1. Two types of Missclassification errors
We can change the two error rates by changing the thershold from 0.5 to some other value in [0, 1].
- \(\hat{Pr}(Default = Yes|Balance, Student) \ge \alpha\)
- \(\alpha\) is a threshold.
- If \(\alpha\) ↑, FN increase while FP decrease.
- If \(\alpha\) ↓, FN decrease while FP increase.

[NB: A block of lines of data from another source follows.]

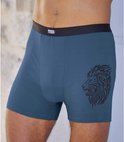 Cet ensemble de 3 boxers confortables en coton stretch doux (environ 145 g/m²) présente un imprimé lion original sur le côté gauche. Pour un confort maximal, le boxer est doté d'une ceinture élastiquée contrastée et d'un insert d'entrejambe doublé pour un bon maintien sans pincement. Fini avec des coutures doubles. 98% coton, 2% élasthanne. Lavable en machine à 30°C. Couleurs : bleu, kaki et gris
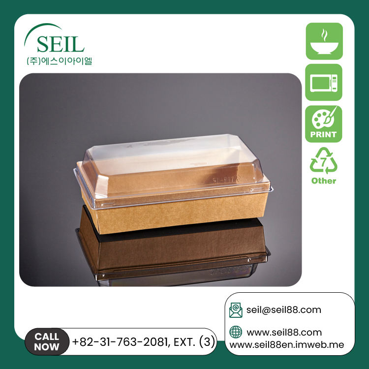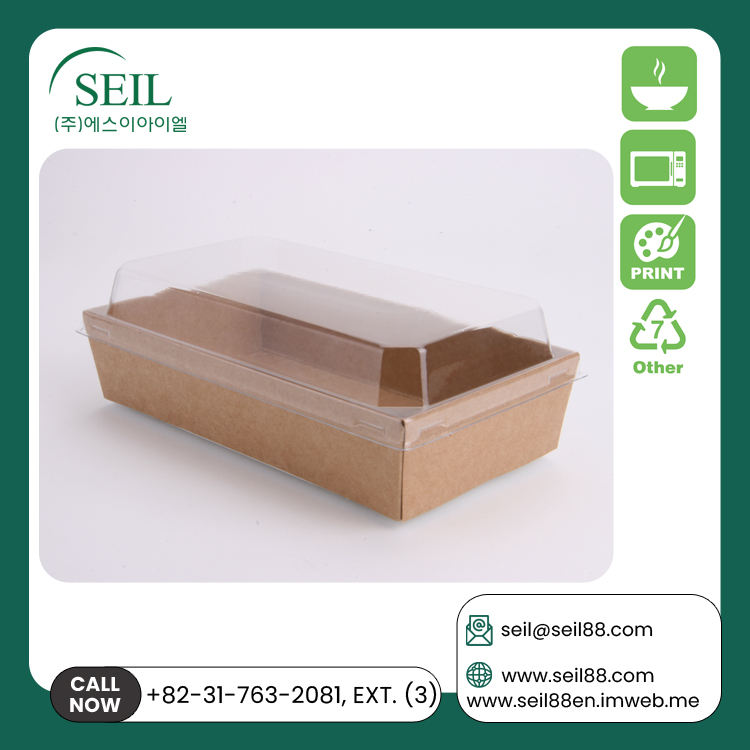 Low Price Made in South Korea Customized Rectangle Shape Food Packaging Disposable Kraft Paper Food Container Box (SL-P17-3)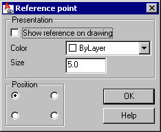 Position, size, and color of the reference point can be configured in the Reference point dialog,which opens when you click Ref. point in the New dimensioning style dialog.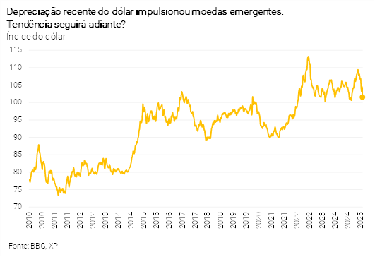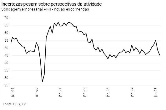 Globalmente, o principal debate é se o forte aumento das tarifas comerciais nos EUA e suas consequências geopolíticas levarão a economia mundial a uma recessão. O impacto deste cenário para o dólar, os preços das commodities e as moedas emergentes é difícil de prever.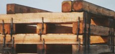 cross-stacking of balks (with errors, in this case: no overhang, dogs attached incorrectly) |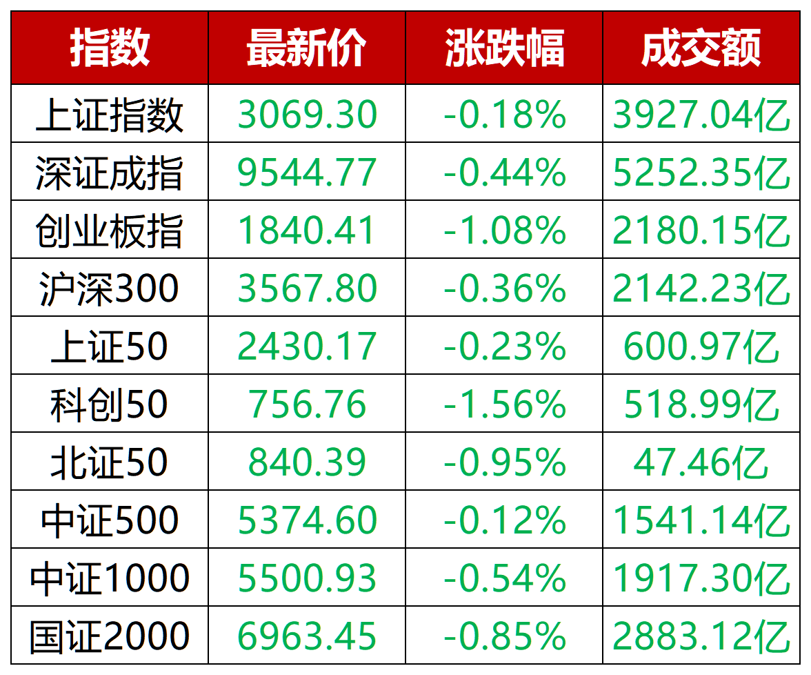 今日三大指数集体收跌,回踩5日线寻找支撑,中小题材板块跌幅较大,创业板跌超1%。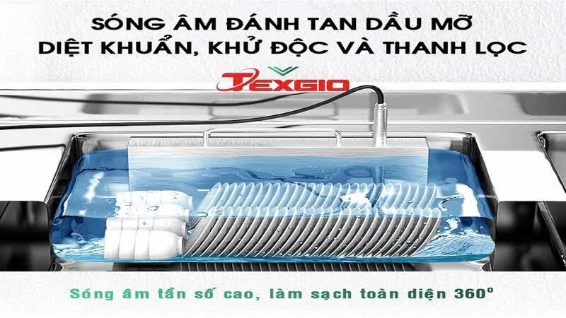 Điểm nổi bật nhất của Texgio TGU‑800SS là ứng dụng sóng siêu âm tần số 28 kHz để làm sạch. Khi hoạt động, máy tạo ra sóng âm cao tần lan truyền trong nước; các bọt khí vi mô (cavitation) sinh ra và vỡ ra liên tục, tạo ra lực va chạm mạnh mẽ trên bề mặt đồ dùng. Quá trình này giúp đánh bật dầu mỡ, cặn bẩn và vi khuẩn bám chặt ở những khe hẹp mà phương pháp rửa thông thường khó đạt tới. Theo trang so sánh Websosanh, công nghệ này không chỉ rửa chén bát mà còn phù hợp rửa hải sản, trái cây và rau củ giúp làm sạch nhanh và an toàn.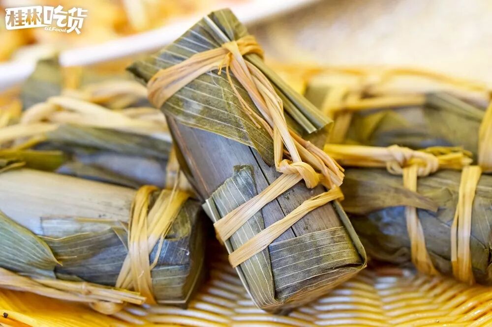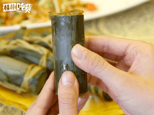 所有的材料炒制后塞入竹筒里,裹上粽叶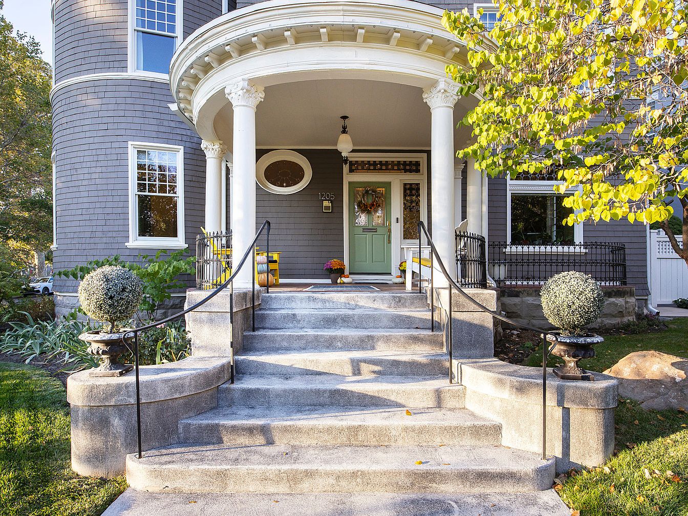 This inviting entrance is marked by a gracefully curved stone staircase leading to a classic porch adorned with white columns. The soft sage green door contrasts beautifully with the deep gray shingle siding, adding a touch of modern flair to the traditional design. Flanking the steps, manicured topiary bushes in ornate pots provide a refined touch, while lush greenery enhances the welcoming atmosphere. Architectural details, such as the round window and elegant porch ceiling, reflect a blend of sophistication and warmth, making this space perfect for family gatherings and friendly interactions, inviting visitors to step inside.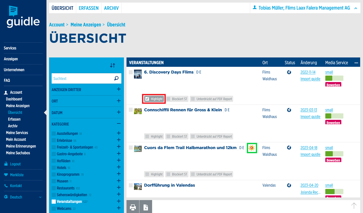Wählen Sie die Checkbox "Highlight" bei einer oder mehreren Veranstaltungen. Das Symbol zeigt, welche Veranstaltungen bereits in die Selektion der Top-Veranstaltungen von Schweiz Tourismus aufgenommen wurden.

2. [Ex] Changes in errors along with Thresholds
thresholds <- seq(0, 1, 0.01)
res <- matrix(NA, length(thresholds), 3)
# Compute overall error, false positive, false negatives
for (i in 1:length(thresholds)) {
decision <- rep("No", length(default))
decision[pred$posterior[,2] >= thresholds[i]] <- "Yes"
res[i, 1] <- mean(decision != default)
res[i, 2] <- mean(decision[default=="No"]=="Yes")
res[i, 3] <- mean(decision[default=="Yes"]=="No")
}
k <- 1:51
matplot(thre[k], res[k,], col=c(1,"orange",4), lty=c(1,4,2), type="l", xlab="Threshold", ylab="Error Rate", lwd=2)
legend("top", c("Overall Error", "False Positive", "False Negative"), col=c(1,"orange",4), lty=c(1,4,2), cex=1.2)
apply(res, 2, which.min)
- The overall error seems to decrease in every alpha, because there are only 22 FP rate.
- However, it will increase slightly after the turning point.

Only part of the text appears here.